Elapsed Time: Clustered query = 1,909 ms, Regular = 45,742 ms (24x faster)
Allocated CPU Time: Clustered = 39,278 ms, Regular = 2,551,199 ms (65x less CPU)
Total Data Scanned: Clustered = 3,840 MB, Regular = 106,794 MB (only 3.7% of data scanned)

Bar chart comparing query performance: clustered vs regular tables

Using Data Clustering Syntax

Data clustering adds the CLUSTER BY option to the CREATE TABLE statement:

CREATE TABLE Bands (
  ID BIGINT,
  Name VARCHAR(MAX),
  Genre VARCHAR(75),
  Country VARCHAR(56),
  DateFounded DATE
) WITH (CLUSTER BY (ID, DateFounded))

Up to four columns can be used, and Fabric’s underlying algorithm efficiently groups rows considering all clustering columns (not just basic sequential sorting).

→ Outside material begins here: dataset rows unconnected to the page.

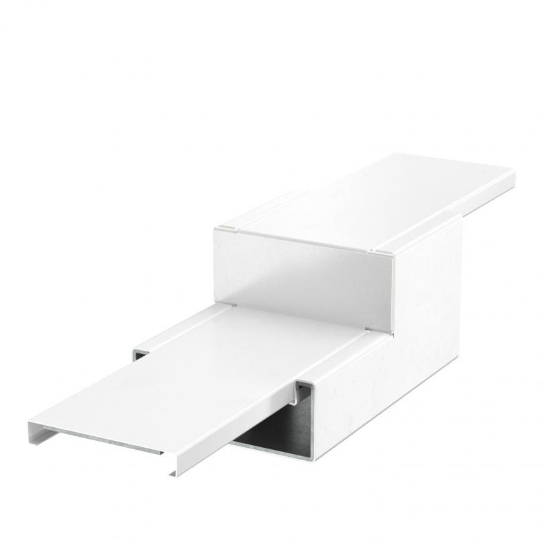 Reducer with intumescent fire protection mesh for symmetrical reduction of straight duct sections from PLM D 0810 to PLM D 0410. Suitable for direct wall and ceiling mounting, mounting below system floors and on support systems. Tool-free joint mounting with PLM SI joint connector. The cover is snapped on without tools, allowing rapid inspection and retroassignment. The cover overhang allows offset cover mounting for continuous equipotential bonding of the entire duct section.
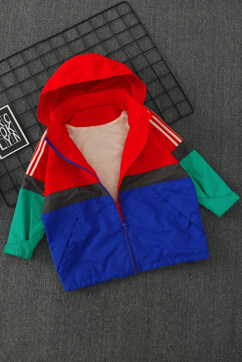 Description: Global Breeze: Spring Stormsuit Coat is a versatile and stylish jacket designed for the spring and autumn seasons. Crafted with 100% polyester fiber, it offers durability, comfort, and excellent weather protection. Featuring a high collar and removable hood, this coat provides both warmth and functionality, making it ideal for active days outdoors. The four-color color matching adds a modern touch, while the zippered closure ensures a secure fit. This coat is perfect for children who love to stay active while staying stylish.
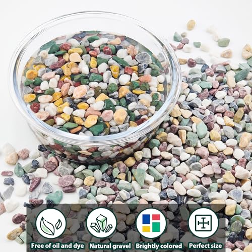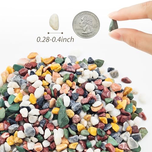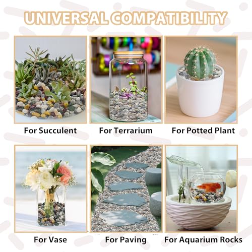 - حجم العبوة: 5.5 باوند من الحصى الملونة لكل كيس، مقاس حوالي 6-9 ملم، الحجم المثالي مثالي لتزيين النباتات العصارية والصبار والزراعة المائية وغيرها من النباتات الصغيرة في أصيص

Measuring Query Improvements

Leverage the exec_requests_history view in Query Insights to compare clustered versus regular table queries:

SELECT label, row_count, total_elapsed_time_ms, allocated_cpu_time_ms,
  data_scanned_disk_mb + data_scanned_memory_mb + data_scanned_remote_storage_mb AS total_data_scanned_mb
FROM queryinsights.exec_requests_history
WHERE label IN ('Clustered','Regular')

This lets teams quantify resource savings and validate clustering effectiveness for specific workloads.

How Does It Work?

Storage layout in clustered tables aligns with query predicates, enabling the Fabric engine to skip irrelevant files.
Highly selective queries benefit most, but all queries that filter on clustering columns see improvement.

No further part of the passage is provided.